# 7.1 USB/Fireware Soundkarte gesucht

## Lubomir

Hallo, ich bin auf der Suche nach eine 7.1 Soundkarte welche auch unter Linux vernünftig läuft. Meine X-FI wird wohl nie unter Linux laufen (es arbeiten nur 1-2 Personen von creative da dran) und außerdem wollte ich die Karte auch an mein Notebook anschließen können.

Was gibt es den so? Ich lege schon etwas Wert auf die Soundqualität (sonst hätte ich kein Teufel THX 7.1 system   :Wink:   :Razz:  )

Danke schon mal

----------

## AnubisTheKing

Also die sblive_audigy2_nx funktioniert einwandfrei. Aber ich glaube die gibt es offiziell nicht mehr von creative, vielleicht findest du sie aber noch auf ebay oder so.

----------

## Lubomir

Ja,das ist aber auch die einzige Karte, welche ich im Kopf hatte, welche 7.1 kann und per USB angeschlossen wird. Gibt es vielleicht noch andere welche aktueller sind?Gibt es jemand, der die audigy 2 nx hat und etwas von der Karte erzählen könnte?

----------

## AnubisTheKing

Also ich selber habe die audigy 2 nx. Bin damit eigentlich voll zufrieden. Was willst du denn über die Karte wissen? Also die Karte läuft ohne Probleme bei mir. Ich musste mich allerdings selber darum kümmern, dass ein Stereosignal auf allen Kanälen ausgegeben wird (habe ich mit der .asoundrc erledigt). Dann hatte ich noch das Problem, das s bei mir kein 5.1 device vorhanden war. Das habe mir dann also auch selber gebastelt mit der .asoundrc. Das kein 5.1 device für die audigy nx vorhanden war kann aber auch daran liegen, dass ich noch eine onboard Soundkarte habe, deren Treiber auch geladen werden. Für diese gibt es nämlich das surround51 device. Wahrscheinlich wird das zuerst angelegt, sodass es dann nicht mehr für die audigy2 nx angelegt werden kann. Naja funktioniert aber mit meinen eigenen "Kreationen" einwandfrei. Einziger Nachteil der Karte ist, dass man auf dmix angewiesen ist. Die Karte hat nicht wie alle anderen Creativekarten mehrere Hardwaredevices. Aber es geht ja gottseidank mit dmix auch so.

Wenn du noch etwas bezielles wissen willst, dann sag bescheid.

Bis dann

AnubisTheKing

----------

## Lubomir

Hi, ich habe mich jetzt tagelang informiert und anscheinend gibt es nur zwei Karten, welche 7.1 haben und extern angeschlossen werden können (nicht pcmcia).
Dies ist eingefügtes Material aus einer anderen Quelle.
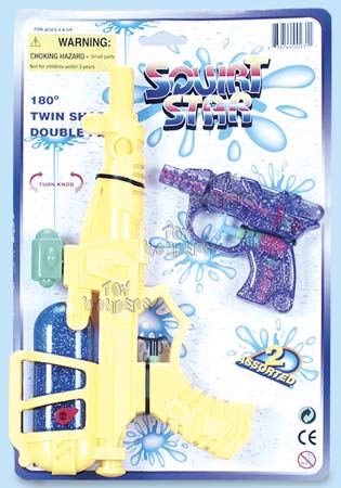 8231 Twin Shot Double Pack. Includes a small 4.5" water gun and a large 10.75" gun that has a non-pressurized tank and a second nozzle that can rotate left or right to provide a 2nd simultaneous shot. Blister card is 13" x 8.5". Assorted colors. Spring toy. Inner box: 12 pcs.

Die eine ist die eben erwähnte creative audigy 2 nx.

Die andere ist die terratec aureon 7.1 fireware.

Ich konnte bis jetzt nur lesen, dass die aureon 7.1 fireware "anscheinend" funktioniert. Ich konnte aber nirgends jemanden finden, der so eine Karte unter Linux benutzt. 

Wie läuft surround den so? Wie ist die Soundqualität. Du hast geschrieben, dass das Stereo auf die anderen Lautsprecher gelegt wurde. Das ist aber eigentlich nicht der Sinn der Sache. Kannst du den jetzt richtiges surround hören? Also kann man jede Box einzeln ansprechen? Wo ist der nachteil von dmix? Erzähl bitte noch etwas über die Soundkarte. 

Danke schon mal

EDIT:Da hat jemand etwas zum Linux support geschrieben:

http://www.amazon.de/Creative-Blaster-Audigy-externe-Soundkarte/dp/B0000CDK34

Sind diese Probleme normal?

EDIT2: Hier steht wie du die interne Karte deaktivieren könntest:

http://tr.opensuse.org/Audigy_2_NX_-_USB_HOWTO

EDIT3: Noch ein paar Infos -  http://www.linuxquestions.org/hcl/showproduct.php?product=2575&cat=all

EDIT4: Hier wegen surround. Ist leider nicht auf engl/deutsch : http://www.ubuntu-ve.org/?q=node/109

EDIT5: Die bugs sind bei alsa gemeldet. Anscheinend ist das 48khz problem seit Version 1.0.9 weg.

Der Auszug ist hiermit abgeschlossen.